Are there infinitely many nonnegative integers not of the following four forms? The four forms are:
$3x^2 + (6y-4)x - y$
$3x^2 + (6y-2)x + y - 1$
$3x^2 + (6y-3)x + y - 1$
$3x^2 + (6y-3)x - y\ $,$\ x,y \in \mathbb{Z}^{+}$
For example: $4=3 \cdot1^2+(6 \cdot1-4) \cdot 1-1\ $ is the minimum number of the four forms, so that $\ 0, \ 1, \ 2,\ 3\ $  must not be of the four forms. How can one prove that the set of these numbers is infinite?
 A: Let me denote these forms by $f_i(x,y)$ for $i=1,2,3,4$, respectively. Notice that
$$12\cdot f_1(x,y) = (6x - 1)\cdot (12y + 6x - 7) - 7\\
12\cdot f_2(x,y) = (6x + 1)\cdot (12y + 6x - 5) - 7\\
12\cdot f_3(x,y) = (6x + 1)\cdot (12y + 6x - 7) - 5\\
12\cdot f_4(x,y) = (6x - 1)\cdot (12y + 6x - 5) - 5$$
Now, if $(12k+5, 12k+7)$ is a twin prime pair, then $k$ is not represented by either of these four forms with positive $x,y$.
P.S. Suprisingly, this question is very similar to the one I answered yesterday: at https://mathoverflow.net/questions/164792/are-there-infinitely-many-natural-numbers-not-covered-by-one-of-these-7-polynomi/164859#164859
A: Here is a solution without assuming (a stronger form of) the twin prime conjecture. This paper by Iwaniec shows that if $P(x,y)=ax^2+bxy+cy^2+ex+fy+g$ satisfies some mild conditions that are easy to check and valid in this case, then the number of primes up to N represented by $P(x,y)$ is $\ll \frac{N}{(\log N)^{\frac{3}{2}}}$, so the quadratic polynomials in the question represent just a zero density set of the primes, and the same argument applies to any such finite collection quadratic polynomials as long as the polynomials satisfy the quite simple requirements of theorem 1 of Iwaniec's paper. The conditions are:


*

*$\frac{dP}{dx}$ and $\frac{dP}{dy}$ are linearly independent,

*$P(x,y)$ is irreducible in $\mathbb{Q}[x,y]$,

*$b^2-4ac$ not a perfect square,

*$gcd(a,b,c,d,e,f,g)=1$,

*$af^2-bef+ce^2+(b^2-4ac)g\neq 0$

*$P(x,y)$ represents arbitrarily large odd integers.

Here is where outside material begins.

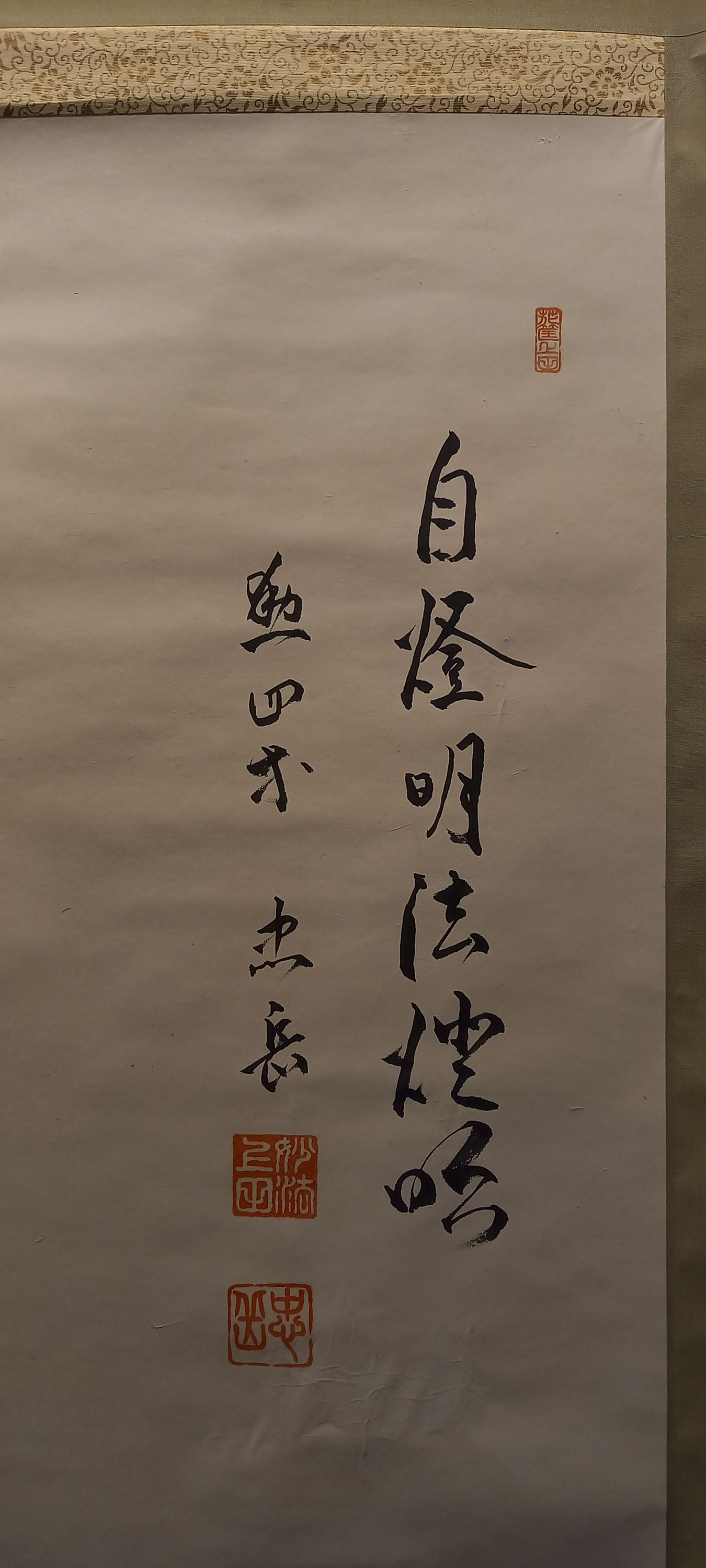 0228-26Bodhidharma. Antique hanging paper scroll. Bordered with a silk and silk brocade. Japan, after 1940. Heigth 74, 8". Width 19.6" (ca. 190 x 50 cm.). Resin roller ends. Good condition. Japanese paper hanging scroll depicting Bodhidharma (5./6.century), whose life is the topic of various legends. | |

EDIT: I was too hasty; in this case $b^2-4ac=b^2$ is actually a perfect square. Then Iwaniec's paper actually says that the number of primes up to $N$ represented by $P(x,y)$ is $\gg \frac{N}{\log N}$, so this does not work (unless there is some way to estimate the constant).